On February 25, they revealed the album art of their second album, How We Both Wondrously Perish and announced its release date. A single from the album, "Death's Great Black Wing Scrapes the Air", was released on iTunes. The band recorded the album in Atlanta, Georgia, at Glow in the Dark Studios with Matt McClellan and released it on May 6, 2014.

Shortly after, the band revealed that they were working on a third album that will be released in 2015. They played the entirety of 2015's Warped Tour. On May 7, they released "Little Richie", the first song from the new album and revealed the cover and release date for the album, which will be self-titled. The band released "Sleeping Sicarii", "Forgetting Is Forgiving the I", and "Sins of The Father" as additional singles. Being as an Ocean was released on June 29, 2015.

===Waiting for Morning to Come and Proxy: An A.N.I.M.O. Story (2015-2021)===
On October 11, 2015, Tyler Ross revealed on his Twitter account that he was working on a new Being as an Ocean song. In a series of tweets, he confirmed that he was still working on that song, as well as another new song for the band. It has yet to be confirmed if these songs will be part of a fourth album, an EP or be released as stand-alone singles.

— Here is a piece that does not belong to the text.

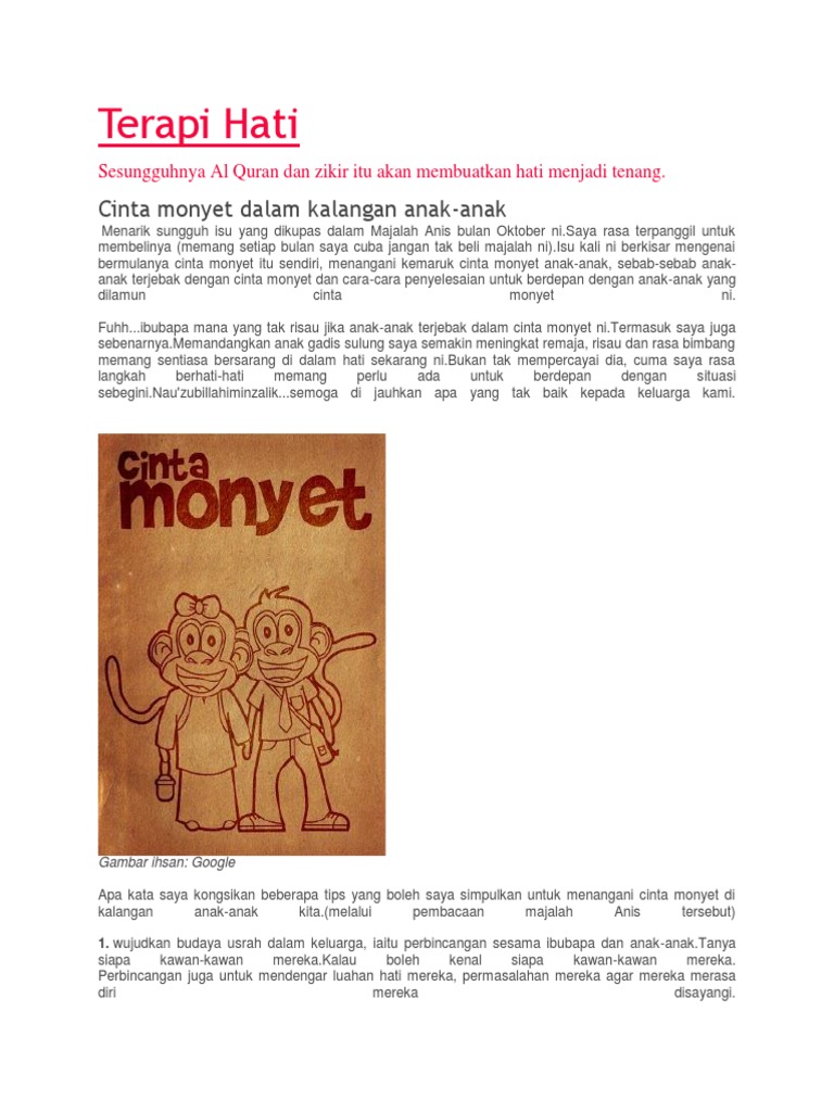 Menghadapi Cinta Monyet Pada Usia Remaja Konseling Psikologi from konselingpsikologi.com Why so serious ?cinta monyet jangan dikejar. Ciri yang paling mudah terlihat adalah cinta monyet terjadi pada masa remaja atau smp. Belum lagi betapa menyenangkannya merasakan berbagai sensasi dan euforia dalam fase cinta monyet. Kenapa monyet menjadi simbol cinta? Permainan cinta ku pun terus menerus seperti itu, aku tidak pernah berfikir, akan ada karma dan balasan yang sama atas apa yang sudah aku perbuat. Cinta yang sempurna adalah cinta yang memenuhi dari ketiga aspek tersebut. Mengapa tidak ada istilah cinta kambing atau pun cinta kuda? Secara harfiah cinta monyet itu adalah ketika monyet jantan mencintai monyet betina.

On November 21, it was revealed that Connor Dennis was parting ways with the band in order to pursue a career as a professional session and touring drummer.

On February 25, the band released "Dissolve" as a stand-alone single, announcing their signing to Equal Vision Records and using Jesse Shelley (Sleepwave live drummer) as their new drummer.

During the last weeks of 2016, Being as an Ocean announced that their fourth studio album Waiting for Morning to Come would be released on June 9, 2017, however, the album did not meet this release date. It was met with an unexpected delay with no explanation given at the time by the band or Equal Vision why the album hadn't been released. On August 14, 2017, Tyler Ross confirmed that he had bought and secured the rights to the album and that the band would be releasing it independently on September 8. The band officially stated on their Facebook account on August 19 that they have become an independent band after buying out their contract with Equal Vision. The band would release two singles from the album in the weeks that followed, the first of these being "Thorns" and the second being "Black and Blue", which had been performed live prior to its release.
On July 20, 2018, the band released the single "Alone".

In an interview with Dead Press! on November 4, 2018, whilst touring in London as part of the Impericon Never Say Die! Tour, Michael McGough confirmed that the band had recorded a new album with 11 tracks, and expect to release it early 2019.

On September 13, 2019, Being as an Ocean released their fifth full-length album, PROXY: An A.N.I.M.O. Story independently.

===Line-up changes and Death Can Wait (2021-present)===
On October 30, 2021, it was announced that Being as an Ocean had parted ways with founding members Tyler Ross and Ralph Sica. On the same day, the band released a new single, titled "Lost" in conjunction with Out of Line Music.

On October 21, 2022, Being as an Ocean released the Dear G-D... (10 Years Anniversary Tracks), which included an unreleased track "Those Who Share My Name", as well as two acoustic tracks from their album, Dear G-D....

On June 29, 2023, Being as an Ocean announced their Swallowed by the Earth headlining European tour, with support from Of Virtue and Senna, beginning August 25, 2023.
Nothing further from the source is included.